## Records for this task:
◆ ◆ ◆ ◆

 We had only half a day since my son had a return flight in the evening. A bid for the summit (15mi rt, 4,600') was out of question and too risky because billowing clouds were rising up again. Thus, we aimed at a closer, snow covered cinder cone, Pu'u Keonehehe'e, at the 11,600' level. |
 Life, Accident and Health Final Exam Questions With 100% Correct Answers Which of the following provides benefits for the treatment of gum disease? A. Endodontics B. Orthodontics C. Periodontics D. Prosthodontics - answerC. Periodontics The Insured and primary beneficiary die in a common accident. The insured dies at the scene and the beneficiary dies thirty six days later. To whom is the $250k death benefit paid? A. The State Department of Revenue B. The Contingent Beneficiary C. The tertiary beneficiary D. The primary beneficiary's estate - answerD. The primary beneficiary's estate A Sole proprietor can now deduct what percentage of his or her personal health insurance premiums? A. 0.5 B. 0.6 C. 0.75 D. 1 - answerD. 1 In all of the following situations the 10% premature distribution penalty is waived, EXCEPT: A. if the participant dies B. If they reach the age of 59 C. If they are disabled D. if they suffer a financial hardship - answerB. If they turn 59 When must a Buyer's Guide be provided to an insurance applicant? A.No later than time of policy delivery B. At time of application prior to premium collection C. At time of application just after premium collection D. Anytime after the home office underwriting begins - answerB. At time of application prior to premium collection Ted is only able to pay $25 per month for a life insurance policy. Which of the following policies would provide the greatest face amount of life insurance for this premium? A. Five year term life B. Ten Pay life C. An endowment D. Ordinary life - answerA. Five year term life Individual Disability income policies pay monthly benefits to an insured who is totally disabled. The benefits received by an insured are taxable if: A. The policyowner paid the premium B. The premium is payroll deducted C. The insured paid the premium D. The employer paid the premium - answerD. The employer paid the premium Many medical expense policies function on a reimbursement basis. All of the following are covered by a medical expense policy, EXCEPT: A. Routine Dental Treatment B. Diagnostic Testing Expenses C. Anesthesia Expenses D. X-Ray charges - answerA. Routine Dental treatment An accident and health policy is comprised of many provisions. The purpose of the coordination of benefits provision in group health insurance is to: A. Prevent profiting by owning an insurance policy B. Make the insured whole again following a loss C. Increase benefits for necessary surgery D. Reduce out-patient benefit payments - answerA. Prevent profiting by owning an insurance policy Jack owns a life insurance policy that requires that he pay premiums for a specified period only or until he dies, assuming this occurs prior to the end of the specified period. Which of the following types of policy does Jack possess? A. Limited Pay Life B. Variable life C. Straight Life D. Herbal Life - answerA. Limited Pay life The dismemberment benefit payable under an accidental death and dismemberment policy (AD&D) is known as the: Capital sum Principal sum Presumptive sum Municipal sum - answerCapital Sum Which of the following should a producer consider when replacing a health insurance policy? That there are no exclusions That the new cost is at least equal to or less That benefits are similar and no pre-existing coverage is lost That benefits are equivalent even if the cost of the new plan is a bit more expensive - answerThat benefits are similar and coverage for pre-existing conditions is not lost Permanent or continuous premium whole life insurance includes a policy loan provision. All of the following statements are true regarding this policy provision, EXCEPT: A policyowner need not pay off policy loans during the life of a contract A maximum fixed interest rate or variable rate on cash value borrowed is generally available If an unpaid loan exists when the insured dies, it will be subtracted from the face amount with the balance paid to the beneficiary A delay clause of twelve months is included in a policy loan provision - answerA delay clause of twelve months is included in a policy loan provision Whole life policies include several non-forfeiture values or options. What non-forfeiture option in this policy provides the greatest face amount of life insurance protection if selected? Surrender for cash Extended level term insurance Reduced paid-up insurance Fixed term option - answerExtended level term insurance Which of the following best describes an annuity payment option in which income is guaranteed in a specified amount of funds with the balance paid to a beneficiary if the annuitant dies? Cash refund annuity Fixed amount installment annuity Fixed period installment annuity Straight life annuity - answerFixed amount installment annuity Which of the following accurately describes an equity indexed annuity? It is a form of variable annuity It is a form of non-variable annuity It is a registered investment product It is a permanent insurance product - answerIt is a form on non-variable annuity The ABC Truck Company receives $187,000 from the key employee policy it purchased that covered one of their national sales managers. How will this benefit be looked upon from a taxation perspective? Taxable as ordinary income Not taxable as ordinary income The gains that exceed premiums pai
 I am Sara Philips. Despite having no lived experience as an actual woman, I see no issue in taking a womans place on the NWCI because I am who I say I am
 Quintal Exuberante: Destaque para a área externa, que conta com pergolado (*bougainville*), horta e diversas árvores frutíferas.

◆ ◆ ◆ ◆

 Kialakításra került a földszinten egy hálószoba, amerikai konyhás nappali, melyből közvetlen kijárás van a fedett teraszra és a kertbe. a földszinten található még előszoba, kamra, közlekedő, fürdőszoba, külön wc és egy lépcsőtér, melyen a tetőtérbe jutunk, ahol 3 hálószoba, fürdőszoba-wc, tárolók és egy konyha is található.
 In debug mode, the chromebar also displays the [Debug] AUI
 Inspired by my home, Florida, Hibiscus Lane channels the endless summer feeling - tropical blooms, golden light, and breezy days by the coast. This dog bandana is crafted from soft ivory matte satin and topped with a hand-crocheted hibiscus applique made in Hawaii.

◆ ◆ ◆ ◆

## What you will do:
Among the lines above, list those that contain the word "because".

## Exercise output:
 We had only half a day since my son had a return flight in the evening. A bid for the summit (15mi rt, 4,600') was out of question and too risky because billowing clouds were rising up again. Thus, we aimed at a closer, snow covered cinder cone, Pu'u Keonehehe'e, at the 11,600' level. |
 I am Sara Philips. Despite having no lived experience as an actual woman, I see no issue in taking a womans place on the NWCI because I am who I say I am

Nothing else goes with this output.